2.2 Extraction of algae biomacromolecule concentrate

The method used for the extraction of the different biopolymer concentrates was based on methods described by Fleurence et al. (1995) with some modifications (Fig. 1). In brief, 200-g algae powder was mixed with deionized water (1:30 w/v), stirred overnight at room temperature. After overnight treatment, the supernatant was collected by centrifugation at 4 000 r/min for 15 min then filtered with bolting cloth. The pellet was collected for further extraction. Solid ammonium sulfate was gently added to the supernatant until the final concentration was 70%. The mixture needed to stand overnight before centrifugation (4 000 r/min, 15 min). After centrifugation, the pellet was re-suspended in deionized water and then dialyzed with deionized water with a 3-kDa dialysis bag to obtain seaweed water-soluble concentrate (WSC). Conductivity values for the water in the dialysis beaker were measured with a conductivity meter until the value was the same as the conductivity of the fresh deionized water. Dialyzed extracts were freeze-dried, powered, and stored in sealed bags in a desiccator at room temperature.
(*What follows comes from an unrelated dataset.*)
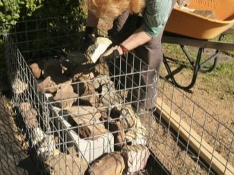Filling the base with stones or other filler is a process that can be called the most creative of all the above. Laying is carried out not in one stage, but in two. First put the filler to half the height of the fence.Then tighten the walls using thin steel cables, so you can avoid the protrusion of the mesh due to the weight of the filler. "Flash" will need all the fourth or fifth cells.

The seaweed residue collected from the first extraction was re-suspended in 0.1-mol/L NaOH solution (1:20 w/v); this suspension was stirred for 2 h before centrifugation (4 000 r/min, 15 min). The second supernatant was also precipitated by ammonium sulfate (Final concentration was 70%) after adjusting its pH to 7.0. The precipitation (alkali-soluble concentrate; ASC) was treated in a similar manner as above.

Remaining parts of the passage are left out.